Omdat de kosten van het socialezekerheidsstelsel steeds hoger opliepen, is de overheid sinds een jaar of twintig bezig de betaalbaarheid ervan te verbeteren. De loonkosten mogen niet te hoog oplopen en de productiviteit van het bedrijfsleven gaan schaden. Een deel van de maatregelen treft de werknemers, die langer moeten doorwerken voordat ze met pensioen kunnen. Van werkgevers wordt een actievere rol in de bestrijding van ziekte- en arbeidsongeschiktheidskosten verwacht.

Financiële prikkels zetten werkgevers ertoe aan hun best te doen om zieke werknemers weer aan het werk te krijgen en arbeidsongeschiktheid te voorkomen of zo kort mogelijk te houden. Behalve een kostenbatenafweging is dat ook een kwestie van goed werkgeverschap: personeel dat gemotiveerd zijn werk doet is tevreden en minder snel ziek dan personeel bij wie animo en werkomstandigheden te wensen overlaten. Om het verzuim terug te dringen besteden bedrijven steeds meer aandacht aan ‘duurzame inzetbaarheid’. De inzet is dat werknemers hun werkzame leven productief en met plezier kunnen leiden, van begin tot einde.
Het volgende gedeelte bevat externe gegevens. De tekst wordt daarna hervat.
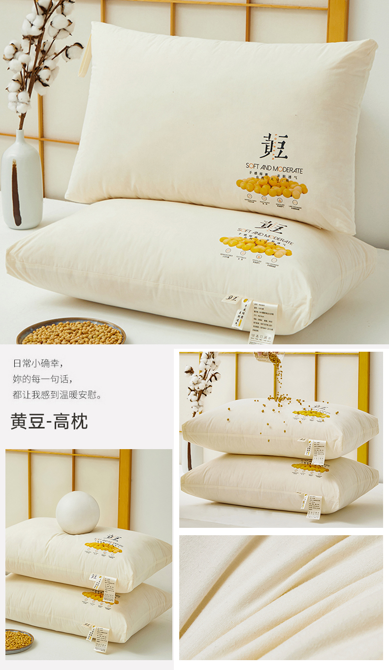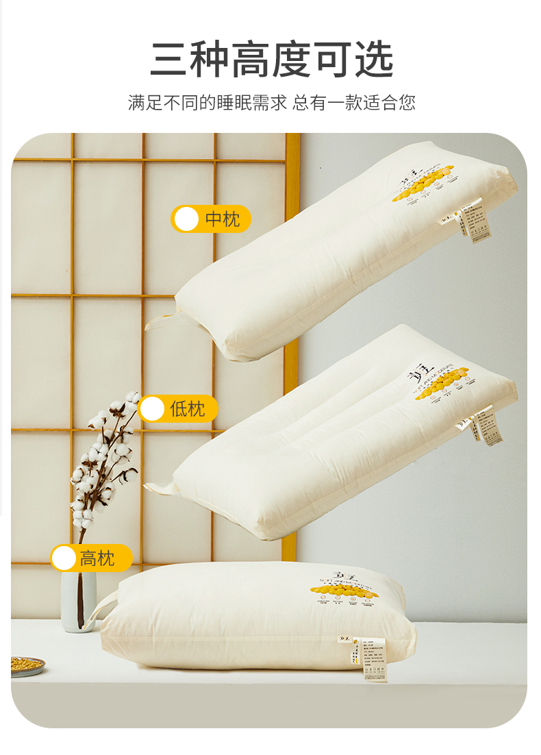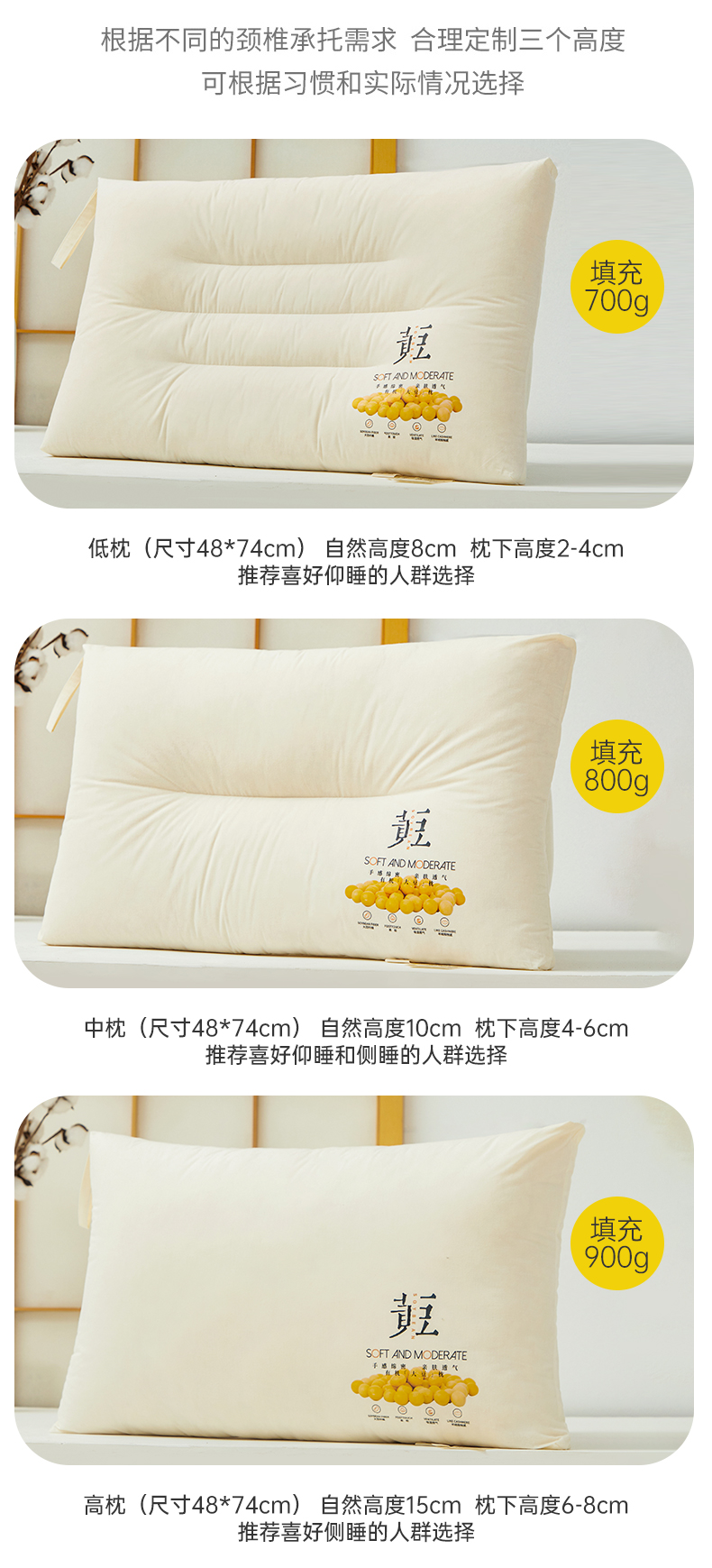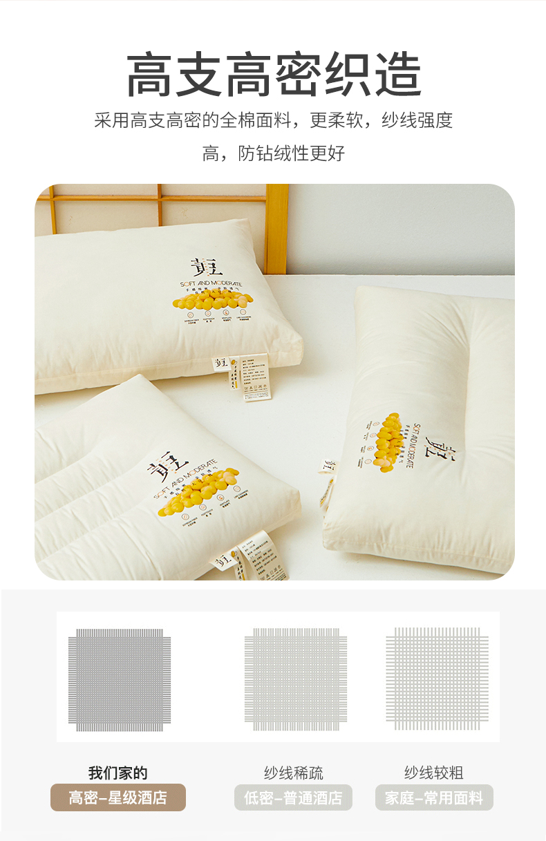 自然醒A类全棉大豆纤维黄豆枕芯五星级酒店枕护颈椎助睡眠枕芯单人家用高整头XK

Preventiemaatregelen spelen hierin een grote rol.

Wettelijke verantwoordelijkheden

Vanuit de socialeverzekeringswetgeving is er meer verantwoordelijkheid voor verzuimkosten bij de werkgevers geplaatst. Dat kan hogere kosten betekenen, maar geeft ook meer vrijheid in de bestrijding daarvan. Hiervoor is het eigenrisicodragerschap (ERD) geïntroduceerd. Bedrijven kunnen afzien van een publieke verzekering bij het UWV voor de Werkhervatting gedeeltelijk arbeidsgeschikten (WGA) en sinds 2014 ook voor de Ziektewet voor flexibele dienstverbanden. Ze betalen dan geen premies meer bij de uitkeringsinstantie en kiezen voor eigen oplossingen om hun verzuimkosten te bestrijden. Voor de volledigheid: in de eerste twee jaar van ziekte bij vaste dienstverbanden bestaat er geen vrije keuze. Elk bedrijf is in die situatie verplicht eigenrisicodrager, omdat het loon moet worden doorbetaald.
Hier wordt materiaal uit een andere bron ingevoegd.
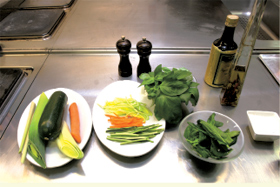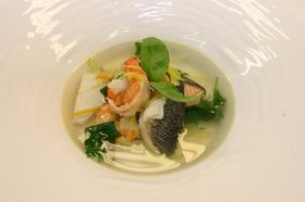 При подборе ингредиентов здесь возможны варианты: для супа можно взять филе лосося или семги, си-баса чилийского или французского, судака, креветки, мидии. Основной овощной ингредиент - свежий шпинат, который хорошо сочетается с морепродуктами. Также я использую лук-порей, жюльен из моркови и цукини, свежий базилик. Небольшое количество лимонника придаст супу интересную вкусовую нотку и более насыщенный цвет.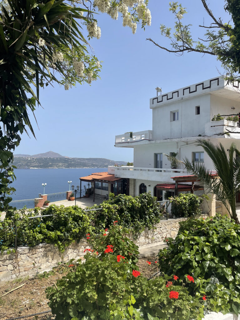 Vi bor på Ingrid Margaritas hotel ved Soudabugten. Ingrid er med os i en del af vores cirkler og med på pilgrims-vandringen til Lissos.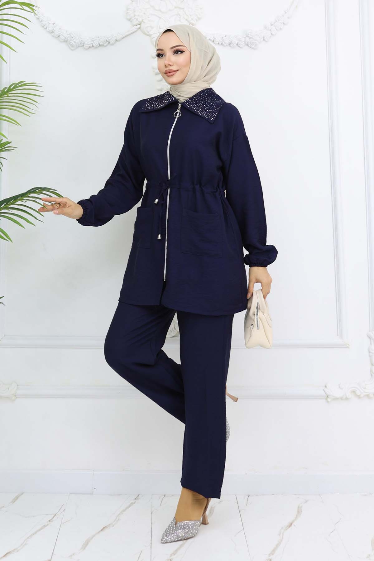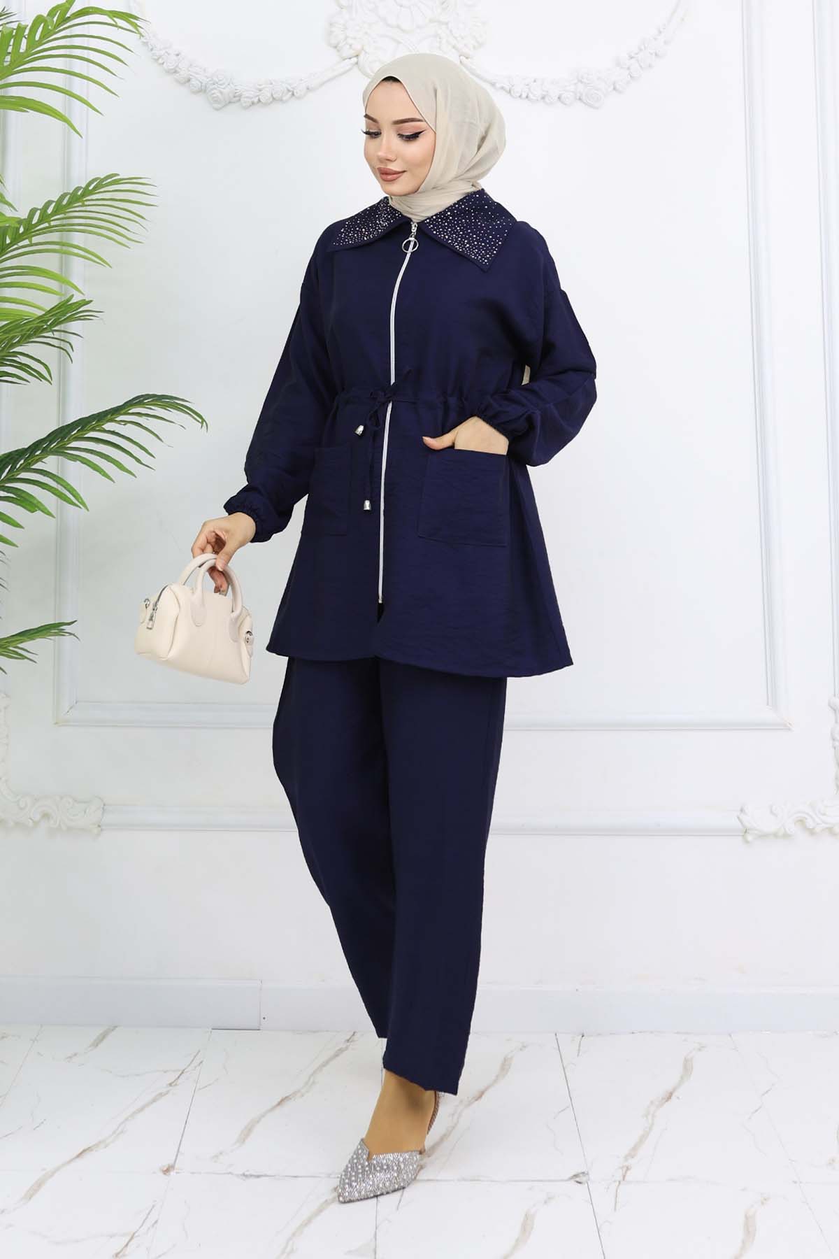BNG Women Yakası Taş Detaylı Tesettür Takım Lacivert 4727 - Banbury

Ook ondernemingen die niet voor ERD hebben gekozen en bij het UWV verzekerd zijn, worden gestimuleerd om de verzuimkosten terug te brengen. Dit gaat via premiedifferentiatie. De premie die ze betalen is afhankelijk van de kosten die ze in het recente verleden hebben gemaakt. Dat geldt overigens niet voor bedrijven met minder dan tien werknemers, die een vaste sectorale premie betalen. Een bedrijf moet investeren om het ERD tot een succes te maken. De maatregelen die het moet treffen zijn vaak kostbaar, maar dit kan worden terugverdiend als het verzuim daalt.
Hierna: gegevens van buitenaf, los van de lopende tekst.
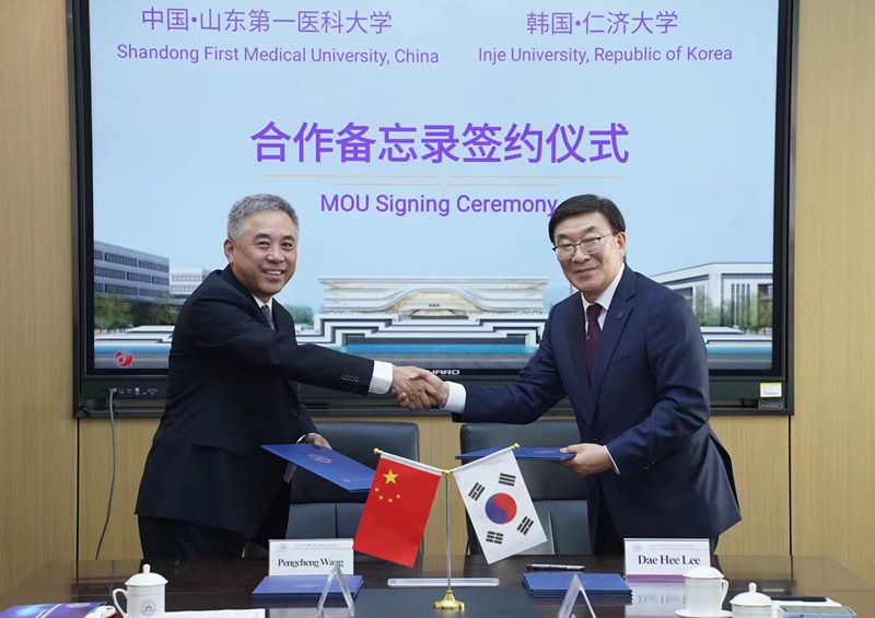 随后,王鹏程和李大熙代表双方签署校际合作备忘录。医学人工智能与大数据学院与仁济大学人工智能融合学院、数字抗衰老保健研究所签署了学院合作备忘录。双方就医学人才培养模式、学生长短期交流项目、科研合作等进行了交流洽谈。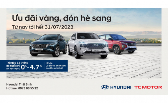 Từ nay cho đến hết 31/07/2023, Liên doanh ô tô Hyundai Thành Công Việt Nam (HTV) chính thức triển khai chương trình ưu đãi đặc biệt “Ưu đãi vàng - Đón hè...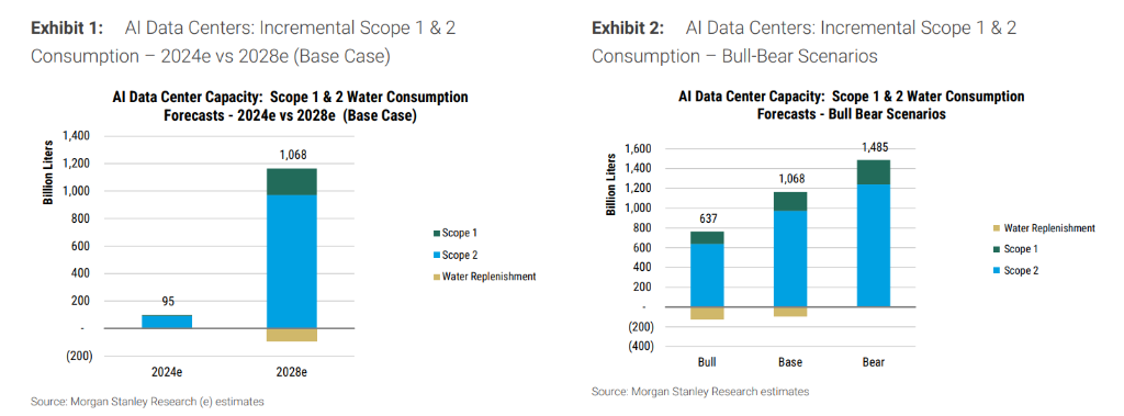 数据中心是极其依赖物理资源的实体,摩根士丹利的模型显示,AI数据中心的“干渴”程度正在以惊人的速度增长。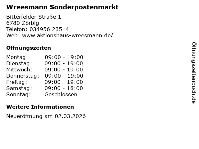 | Öffnungszeiten Wreesmann Sonderpostenmarkt in Zörbig anzeigen | |
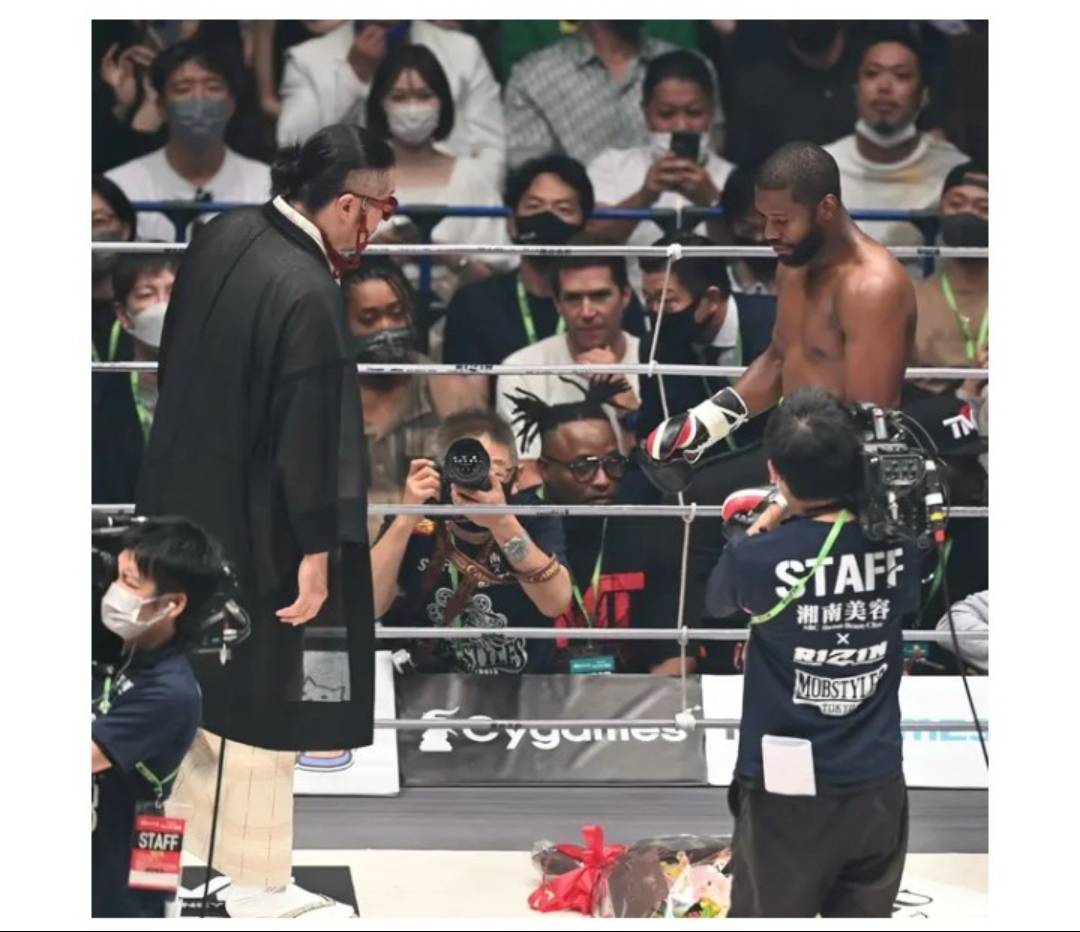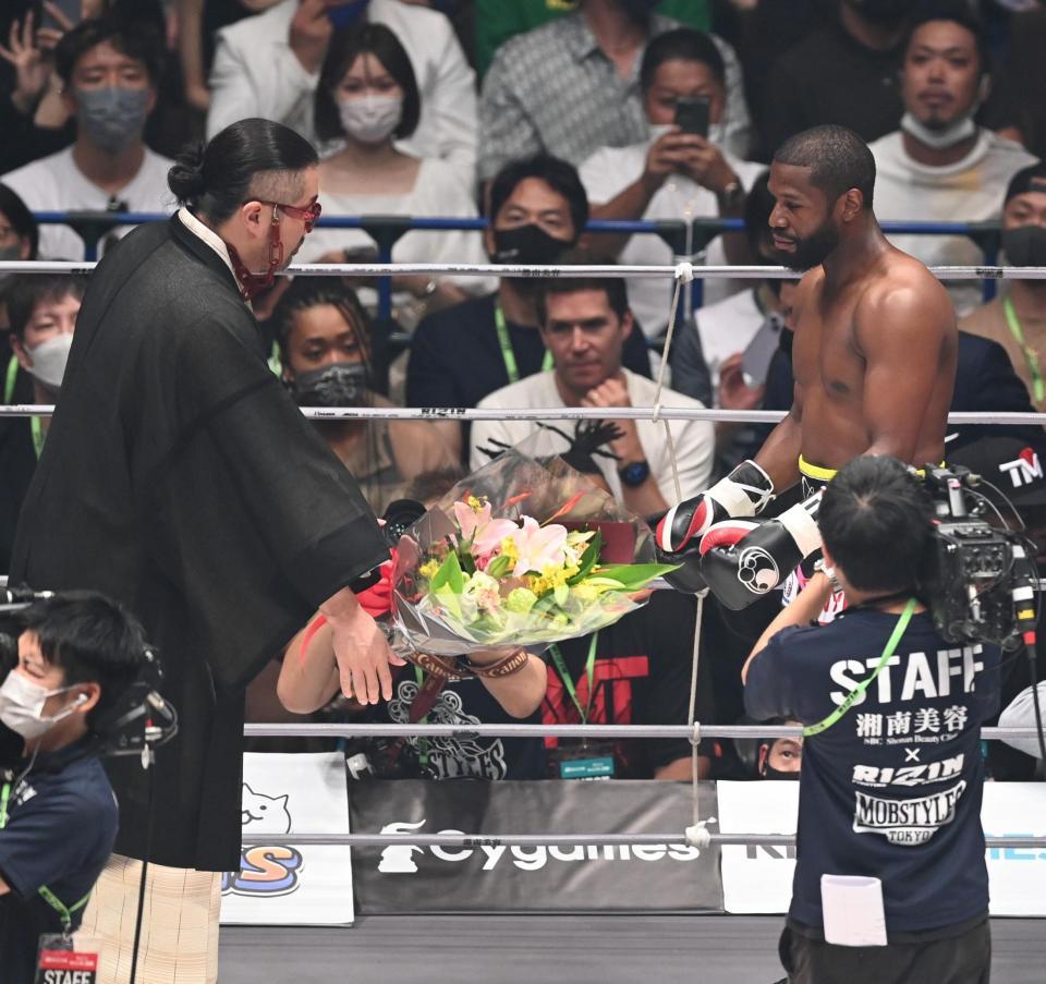 同日に行われた「超RIZIN/RIZIN.38」で、フロイド・メイウェザー(45)と朝倉未来(30)の試合前に、デジタルチケットを420万円で購入してメイウェザーへの花束贈呈役を務めた政治団体「ごぼうの党」の奧野卓志代表が、メイウェザーの目の前で花束をリングに投げ捨てた。

Volgens Wibaut Jeurissen, econometrist bij het UWV en expert op het gebied van ziekte- en arbeidsongeschiktheidsverzekeringen, is ERD niet alleen een kostenkwestie, maar past het ook in het maatschappelijke streven naar een gezondere samenleving. “De overheid zelf kan het terugbrengen van verzuim in het bedrijfsleven maar moeilijk sturen. Dat moeten de bedrijven doen. De overheid kan alleen via financiële prikkels werkgevers stimuleren.”

Vrije keuze

Betreft ERD werkelijk een vrije keuze? Is elk bedrijf in staat om het risico van de vaak hoge kosten van ziekte en arbeidsongeschiktheid zelf te dragen? In theorie is de keuze vrij, maar er zijn nogal wat factoren die een rol spelen. Zo kunnen de potentiële kosten veel hoger uitvallen dan de premies die een bedrijf aan het UWV betaalt als het niet voor ERD kiest. Een bedrijf moet dus de financiële ruimte hebben om die kosten te dragen. Dat zullen in principe alleen gezonde bedrijven zijn. Om risico’s voor werknemers te voorkomen moet een onderneming die eigenrisicodrager wil worden voor de WGA-kosten, aan de Belastingdienst een garantstelling kunnen overleggen van een financiële instelling die in geval van faillissement doorbetaling van de uitkeringen garandeert. Het hangt af van de bedrijfstak, de financiële gezondheid en het track record van de onderneming of die voor zo’n garantstelling in aanmerking komt. Een bedrijf dat de ERD-status krijgt, zal in veel gevallen proberen zijn risico’s particulier te herverzekeren.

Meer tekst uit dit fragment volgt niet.